- Opening Delimiter -

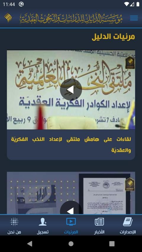 A comprehensive, free application that contains all the publications and activities carried out by the Foundation for Studies and Research on Nodal belonging to the Holy Husseinian threshold. It is also possible through this application to register in the intellectual and contractual courses carried out by the institution for various academic groups, including professors, university students, teachers, teachers, educational supervisors and others, and we will work to Soon developing it to include other capabilities.
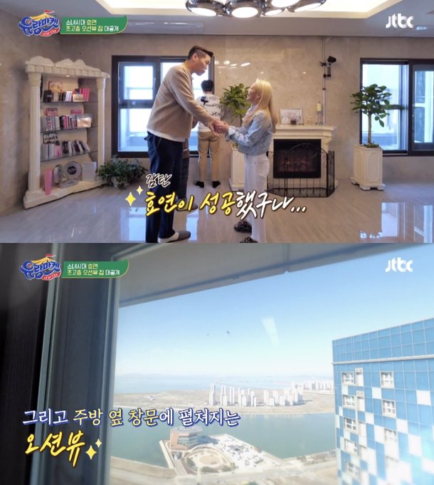 Căn hộ của Hyoyeon là căn hộ áp mái sang trọng, đồ nội thất trang nhã, không gian rộng và view nhìn ra đại dương. Nó làm cho bạn có cảm thấy như thể bạn đang ghé thăm một khách sạn 5 sao. Căn hộ chung cư nội thất đẹp và tầm nhìn toàn cảnh đã gây sốc cho cả người dẫn chương trình.
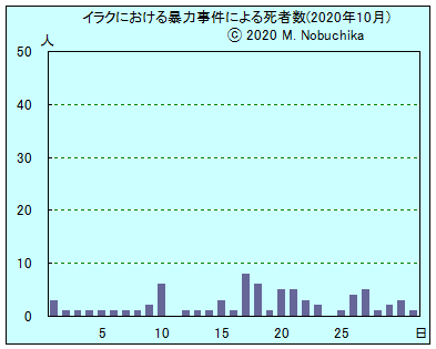 | 10.20 | モスル南東90qのマクムール地区でIED攻撃により民間人4人死亡,1人負傷。(NINA) アマラで部族間抗争により1人死亡。(NINA) キルクーク地域の村で警察がISに処刑された50人以上の死体発見。(NINA) |
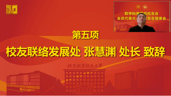 校友联络发展处处长张慧渊致辞,他对学院上一届校友会的辛苦付出表示感谢,对数学学院校友会的工作表示肯定,他表示,希望学院新一届校友会能够充分发挥联系校友、凝聚力量的优势,架起学校与校友的桥梁。他同时寄语各位校友,希望各位校友能够发挥“三帮”精神,积极参加学院和校友会组织的各项活动,为学校、学院和校友会的发展建言献策,争取把数学学院校友会建设成为学校校友工作的桥头堡和生力军。
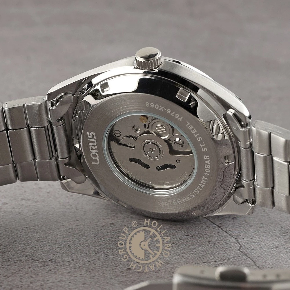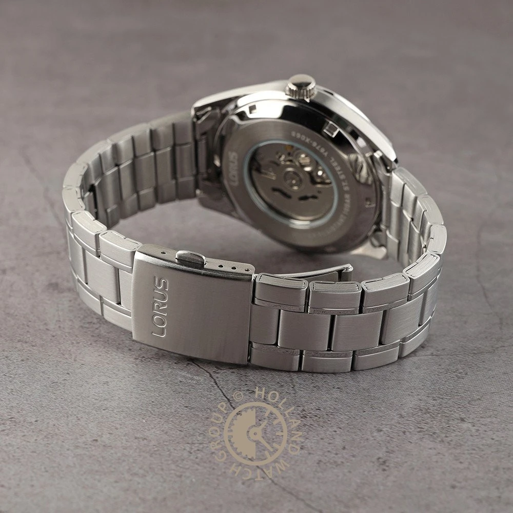 This Lorus watch has a case made of stainless steel with a diameter of 42.5 mm and is fitted with a metal band. Inside the case lies a Seiko Instruments Inc. movement and the watch features a Hardlex crystal crystal.
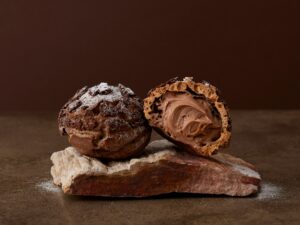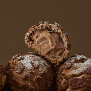 軽い食感と繊細なくちどけが特徴のラングドシャーをシュー生地にのせて焼き上げました。

- Closing Delimiter -

### [TASK STATEMENT]
Write the entries above out in full, exactly, with no images.

### [TASK OUTPUT]
 A comprehensive, free application that contains all the publications and activities carried out by the Foundation for Studies and Research on Nodal belonging to the Holy Husseinian threshold. It is also possible through this application to register in the intellectual and contractual courses carried out by the institution for various academic groups, including professors, university students, teachers, teachers, educational supervisors and others, and we will work to Soon developing it to include other capabilities.
 Căn hộ của Hyoyeon là căn hộ áp mái sang trọng, đồ nội thất trang nhã, không gian rộng và view nhìn ra đại dương. Nó làm cho bạn có cảm thấy như thể bạn đang ghé thăm một khách sạn 5 sao. Căn hộ chung cư nội thất đẹp và tầm nhìn toàn cảnh đã gây sốc cho cả người dẫn chương trình.
 | 10.20 | モスル南東90qのマクムール地区でIED攻撃により民間人4人死亡,1人負傷。(NINA) アマラで部族間抗争により1人死亡。(NINA) キルクーク地域の村で警察がISに処刑された50人以上の死体発見。(NINA) |
 校友联络发展处处长张慧渊致辞,他对学院上一届校友会的辛苦付出表示感谢,对数学学院校友会的工作表示肯定,他表示,希望学院新一届校友会能够充分发挥联系校友、凝聚力量的优势,架起学校与校友的桥梁。他同时寄语各位校友,希望各位校友能够发挥“三帮”精神,积极参加学院和校友会组织的各项活动,为学校、学院和校友会的发展建言献策,争取把数学学院校友会建设成为学校校友工作的桥头堡和生力军。
 This Lorus watch has a case made of stainless steel with a diameter of 42.5 mm and is fitted with a metal band. Inside the case lies a Seiko Instruments Inc. movement and the watch features a Hardlex crystal crystal.
 軽い食感と繊細なくちどけが特徴のラングドシャーをシュー生地にのせて焼き上げました。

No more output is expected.